Does $\sum_{k=2}^{\infty}\left(\ln{\frac{k+1}{k-1}}-\frac{2}{k}\right)$ diverge or converge? 
Does $$\sum_{k=2}^{\infty}\left(\ln{\frac{k+1}{k-1}}-\frac{2}{k}\right)$$ diverge or converge?

It's clear that $f(x)>0 \ \forall \ x\in[2,\infty).$ The function $f(x)=\ln{\frac{x+1}{x-1}}-\frac{2}{x}$ has derivative 
$$f'(x)=-\frac{2}{x^2(x^2-1)}<0 \ \forall \ x \in [2,\infty).$$
So we can use the integral comparison criteria. We have that
$$\int_{2}^{\infty}\left(\ln{\frac{x+1}{x-1}}-\frac{2}{x}\right) dx=\lim_{n\rightarrow\infty}\int_2^n\left(\ln{(1+x)-\ln{(1-x)}}-\frac{2}{x}\right)dx.
$$
I know this integral converges to a fixed value but it's tedious to compute. Are there other comparison tests that would work here?

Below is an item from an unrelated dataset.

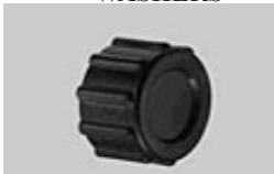
GARDEN HOSE CAP
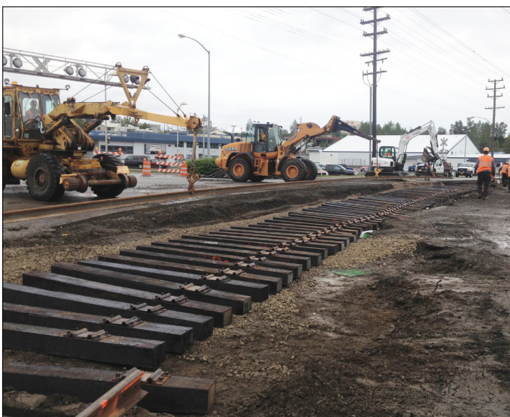
Crossing upgrade work at Post Road near the intersection with First Avenue in Anchorage in 2014.

 A: First the sum should start at $k=2$. By Telescoping sum we have 
$$\sum_{k=2}^{n}\left(\ln{\frac{k+1}{k-1}}-\frac{2}{k}\right) =\color{blue}{\sum_{k=2}^{n}\left(\ln(k+1)-\ln(k)\right)}+\color{red}{\sum_{k=2}^{n}\left(\ln(k)-\ln(k-1)\right)} -\sum_{k=2}^{n}\frac{2}{k} \\= \color{blue}{\ln(n+1)-\ln(2)}+\color{red}{\ln(n)} -\sum_{k=1}^{n}\frac{2}{k}+2\\= 2\left(  \ln(n) -\sum_{k=1}^{n}\frac{1}{k}\right) + 2-\ln2 +\ln{\frac{n+1}{n}} \to -2\gamma +2-\ln2$$
where $\gamma$ is the Euler Mascheroni's constant. That is 
$$\color{blue}{\sum_{k=2}^{\infty}\left(\ln{\frac{k+1}{k-1}}-\frac{2}{k}\right)=-2\gamma +2-\ln2}$$
A: You can write that
$$
\frac{k+1}{k-1}=1+\frac{2}{k-1}\text{ and}\ln\left(1+\frac{1}{k}\right)\underset{(0^{+})}{=}\frac{1}{k}+o\left(\frac{1}{k}\right)
$$
Hence it comes
$$
\ln\left(\frac{k+1}{k-1}\right)-\frac{2}{k}=\frac{2}{k-1}-\frac{2}{k}+o\left(\frac{1}{k-1}\right)=\frac{2}{k\left(k-1\right)}+o\left(\frac{1}{k^2}\right)
$$
Finally
$$
\ln\left(\frac{k+1}{k-1}\right)-\frac{2}{k}\underset{(+\infty)}{\sim}\frac{2}{k^2}$$
Or the series $\displaystyle \sum_{ k \geq 1}^{ }\frac{1}{k^2}$ converges, so as your series.
A: Set $y=x-1\ge 1$. Then
$$
\log\frac{x+1}{x-1}=\log\left(1+\frac{2}{y}\right)=2\left(\frac{1}{y}-\frac{1+o(1)}{y^2}\right).
$$
Therefore
$$
2\sum_{y=1}^\infty \left(\frac{1}{y}-\frac{1+o(1)}{y^2}\right)-\frac{1}{y+1} < \infty.
$$
A: If you use the integral for the logarithm, 
$$\ln{k+1\over k-1}=\int_{k-1}^{k+1}{dx\over x}$$
and interpret the integral as the area beneath the curve $y={1\over x}$, then you can see, from a sketch of the curve, that
$${2\over k}\lt\int_{k-1}^{k+1}{dx\over x}\lt{1\over2}\left({1\over k-1}+{1\over k} \right)+{1\over2}\left({1\over k}+{1\over k+1} \right)$$
hence
$$0\lt\ln\left(k+1\over k-1\right)-{2\over k}\lt{1\over2}\left({1\over k-1}-{1\over k} \right)-{1\over2}\left({1\over k}-{1\over k+1} \right)$$
It follows that
$$0\lt\sum_{k=2}^\infty\left(\ln\left(k+1\over k-1\right)-{2\over k}\right)\lt{1\over2}\sum_{k=2}^\infty\left({1\over k-1}-{1\over k} \right)-{1\over2}\sum_{k=2}^\infty\left({1\over k}-{1\over k+1} \right)={1\over2}\cdot1-{1\over2}\cdot{1\over2}={1\over4}$$
Note, this accords with the exact value in Guy Fsone's answers, $$-2\gamma+2-\ln2\approx-2(0.577)+2-0.693=0.153$$